Но мир, мир тебе, брат мой прекрасный! Мир духу, крови, костям твоим!

Ты действительно победил пиджачных бесов, а не убежал от них, как я, — трепещущий за чистоту риз своих. Ты — Никола, а я Касьян, тебе все праздники и звоны на Руси, а мне в три года раз именины…»

Клюев писал Есенину о несоответствии внешнего и внутреннего в нём, внушал себе, что эта «змеиная кожа» — «до Апреля урочного», и сам прекрасно знал, что не «бежал» же сам, «сохраняя чистоту риз», да и сохранить их было невозможно. Оттого и «много ран… грехом смердящих». Но грехи его — другие, нежели у Серёженьки… А цену «битвы» с пролеткультовцами он знает сам, и «Пугачёва» читал с осознанием того, что переступил Есенин роковую черту.

«Клычков с Коленькой послал записку: надо, говорит, столкнуться нам в гурт, заявить о себе. Так скажи ему, что это подлинная баранья идеология; — да какая же овца безмозглая будет искать спасения после „Пугачёва“? Не от зависти говорю это, а от простого и ясного сознания Величества Твоего, брат мой и возлюбленный.

И так сладостно знать мне бедному, не приласканному никем, за своё русское в песнях твоих…

Князев пишет книгу толстущую про тебя и про меня. Ионов, конечно, издаст её и тем глуше надвинет на Госиздат могильную плиту. Этот новый Зингер, конечно, не в силах оболванить того понятия, что поэзия народа, воплощённая в наших писаниях, при народовластии должна занимать самое почётное место, что, порывая с нами, Советская власть порывает с самым нежным, самым глубоким в народе. Нам с тобой нужно принять это как знамение — ибо Лев и Голубь не простят власти греха её. Лев и Голубь — знаки наши — мы с тобой в львиноголубинности. Не согрешай же, милый, в песне проклятиями, их никто не слышит. „Старый клён на одной ноге“ — страж твой неизменный. Я же „под огненным баобабом мозг ковриги и звёзд постиг“. И наваждение — уверение твоё, что я всё „сердце выпеснил избе“. Конечно, я во многом человек конченый. Революция, сломав деревню, пожрала и мой избяной рай. Мамушка и отец в могиле, родня с сестрой во главе забрали себе всё. Мне досталась запечная Мекка — иконы, старые книги — их благоухание — единственное моё утешение.

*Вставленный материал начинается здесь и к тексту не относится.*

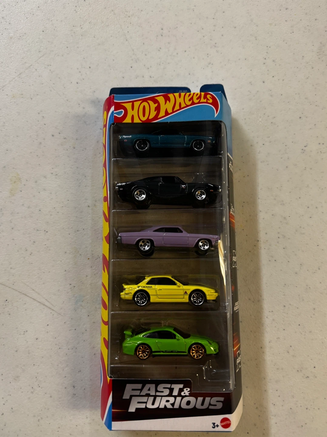 Selling a Hot Wheels Fast & Furious 5-pack! This set includes miniature versions of iconic cars from the film series, perfect for collectors or fans of the franchise

Но я очень страдаю без избы, это такое уродство, не идущее ко мне положение. Я несчастен без своего угла. Теперь я живу в Вытегре — городишке с кулачок, в две улицы с третьей поперёк, в старом купеческом доме. Спас Нерукотворный, огромная Тихвинская, Знамение, София краснокрылая, татарский Деисус смотрят на меня со стен чужого жилья. И это так горько — неописуемо…»

«Проклятия» в глазах Клюева, которыми согрешает Есенин, — это читаный-перечитаный Николаем «Сорокоуст» и всё та же «Исповедь хулигана». А что касается схватки с «Кузницей» и Пролеткультом — то не о Есенине здесь впору вести речь, а о самом Клюеве, в стихах которого «пролеткультовская рота» удостаивается отнюдь не злой иронии, что слышна в письме. Нет — пару лет назад Клюев «схватывался» с этой «ротой», как с врагом красоты, вещавшим, что если «в машине-орудии — всё рассчитано и подогнано» — стало быть, «будем также рассчитывать и живую машину-человека», как писал Алексей Гастев. Клюев рассчитывался с этими уничтожителями русских сокровищ, духовного наследия Руси-России в непечатавшихся, но читанных публично стихах.

Эй, заплечный рогатый мастер!
Готовь для искусства дыбу!
Стальноклювым вороном Гастев
Взгромоздился на древо-судьбу,
Клюёт лучезарные дули:
Ухо Скрябина, тютчевский глаз…
В голубом васильковом июле
Свершится мужицкий сказ:
Городские злые задворки
Заметелят убийства след,
По голгофским русским пригоркам
Зазлатится клюевоцвет.

Дошло ведь до того, что на стражу вечной красы России, «лика Коммуны и русской судьбы» вызывается… Распутин.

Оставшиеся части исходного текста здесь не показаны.